Agentic RAG System for PDF documents with multimodal capabilities

📌 Overview

Agentic RAG (Agentic Retrieval-Augmented Generation) is an advanced AI architecture that extends traditional RAG by integrating autonomous AI agents into the pipeline. This project implements an Agentic RAG system specifically designed for PDF documents with multimodal capabilities.

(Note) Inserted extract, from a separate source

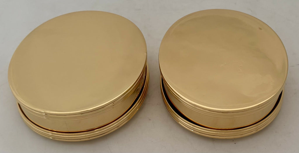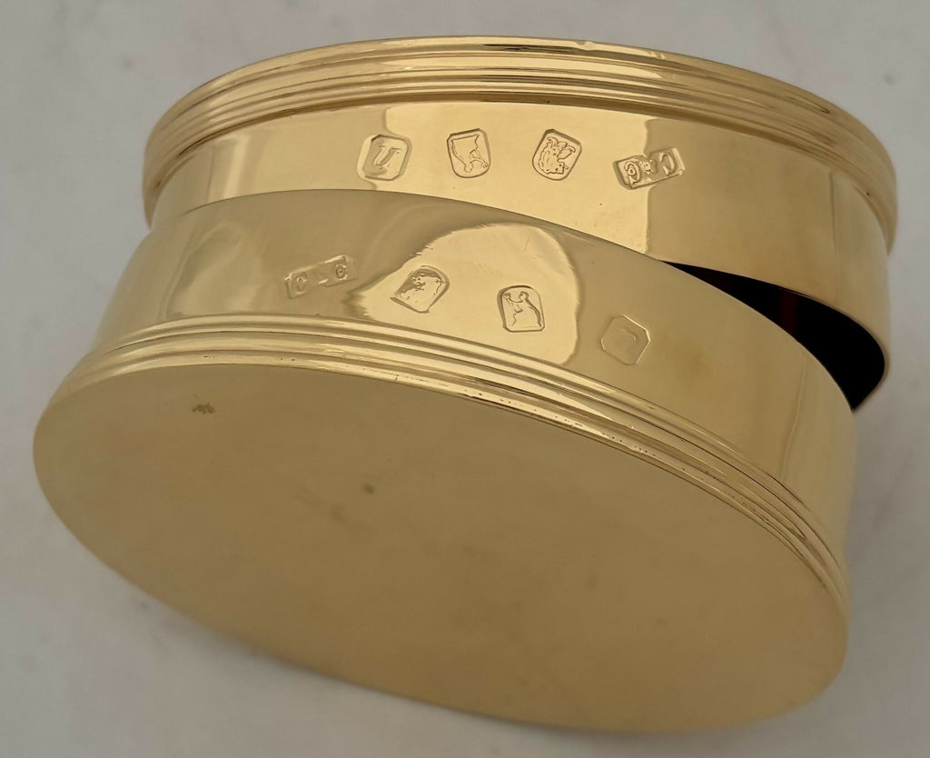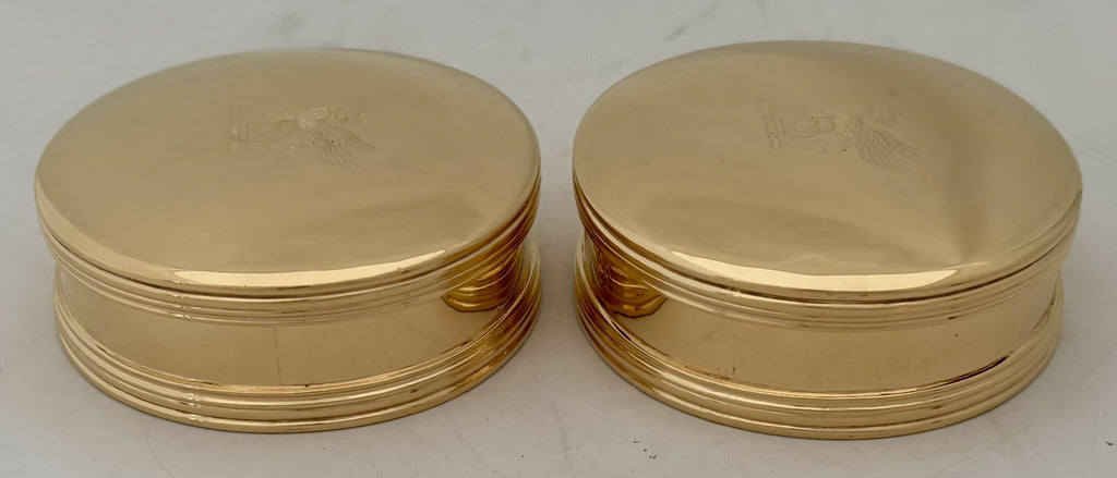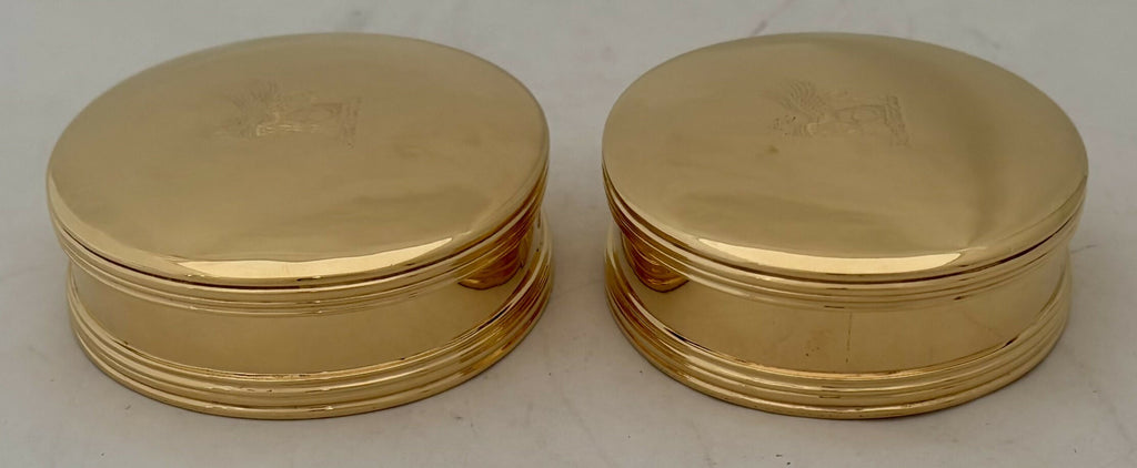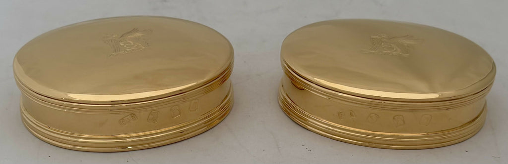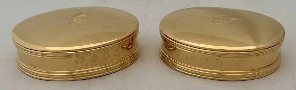 A Pair of George I Style Silver Gilt, Britannia Standard, Crested Oval Tobacco Boxes. Of oval form with reeded detail and free of any inscriptions.

Core Problem Addressed: Traditional RAG systems are limited to text-only inputs and lack intelligent reasoning capabilities. This system overcomes those limitations by:

Multimodal support: Processes not only text but also images, tables, and other elements within PDF documents. It can also handle queries that combine both textual and visual inputs.
Agentic approach with LangGraph: Enables intelligent document retrieval and reasoning.
Comprehensive PDF processing: Includes image extraction and descriptive analysis.
User-friendly web interface: Provides seamless interaction for end users.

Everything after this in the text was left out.